* Data section *
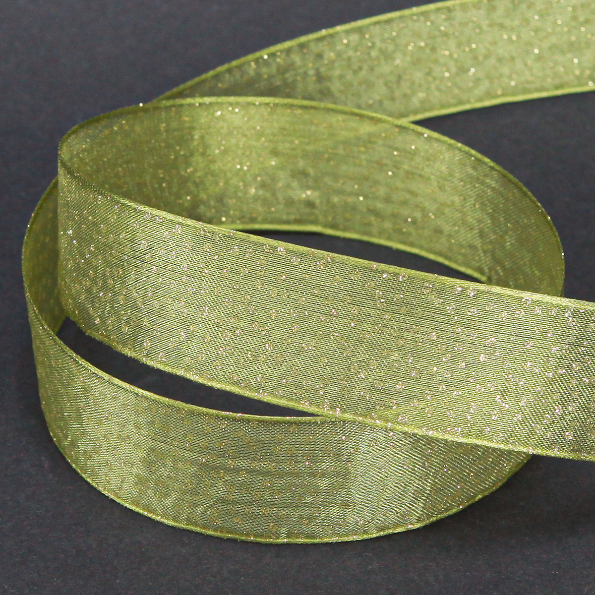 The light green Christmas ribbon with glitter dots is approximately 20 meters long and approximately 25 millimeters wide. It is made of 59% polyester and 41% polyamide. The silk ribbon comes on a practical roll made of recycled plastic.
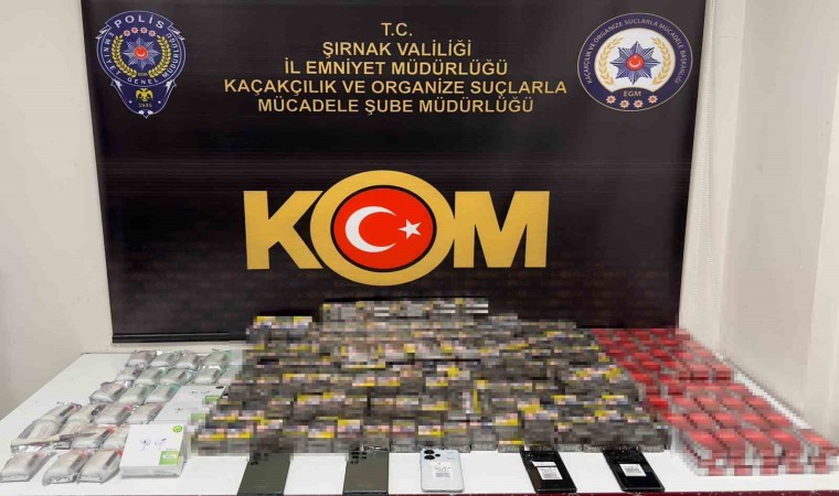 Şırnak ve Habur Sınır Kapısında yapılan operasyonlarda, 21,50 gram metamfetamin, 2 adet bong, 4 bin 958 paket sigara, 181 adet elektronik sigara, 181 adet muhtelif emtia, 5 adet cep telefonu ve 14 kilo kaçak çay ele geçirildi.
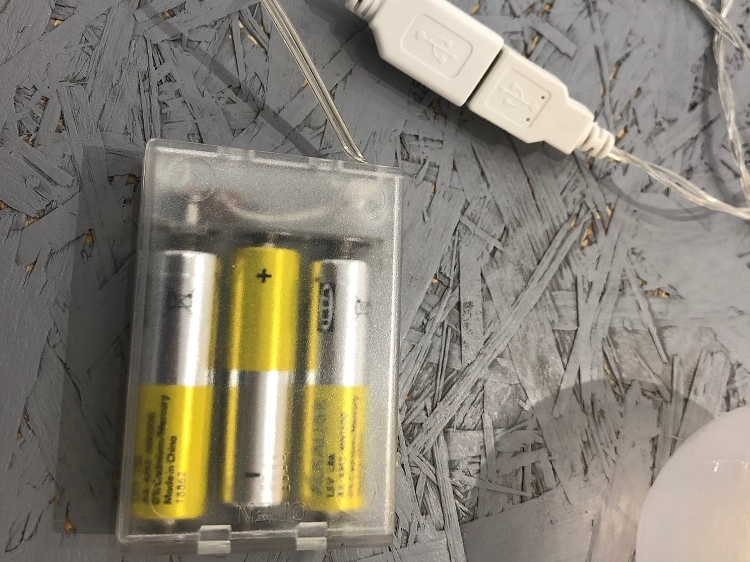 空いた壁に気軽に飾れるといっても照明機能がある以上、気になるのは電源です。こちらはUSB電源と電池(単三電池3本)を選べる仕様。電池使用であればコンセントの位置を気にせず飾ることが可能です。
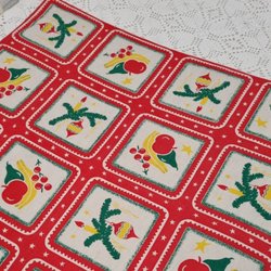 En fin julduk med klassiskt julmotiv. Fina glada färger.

* Instructions for the task *
Repeat verbatim all the material, but not the pictures.

* Written response *
 The light green Christmas ribbon with glitter dots is approximately 20 meters long and approximately 25 millimeters wide. It is made of 59% polyester and 41% polyamide. The silk ribbon comes on a practical roll made of recycled plastic.
 Şırnak ve Habur Sınır Kapısında yapılan operasyonlarda, 21,50 gram metamfetamin, 2 adet bong, 4 bin 958 paket sigara, 181 adet elektronik sigara, 181 adet muhtelif emtia, 5 adet cep telefonu ve 14 kilo kaçak çay ele geçirildi.
 空いた壁に気軽に飾れるといっても照明機能がある以上、気になるのは電源です。こちらはUSB電源と電池(単三電池3本)を選べる仕様。電池使用であればコンセントの位置を気にせず飾ることが可能です。
 En fin julduk med klassiskt julmotiv. Fina glada färger.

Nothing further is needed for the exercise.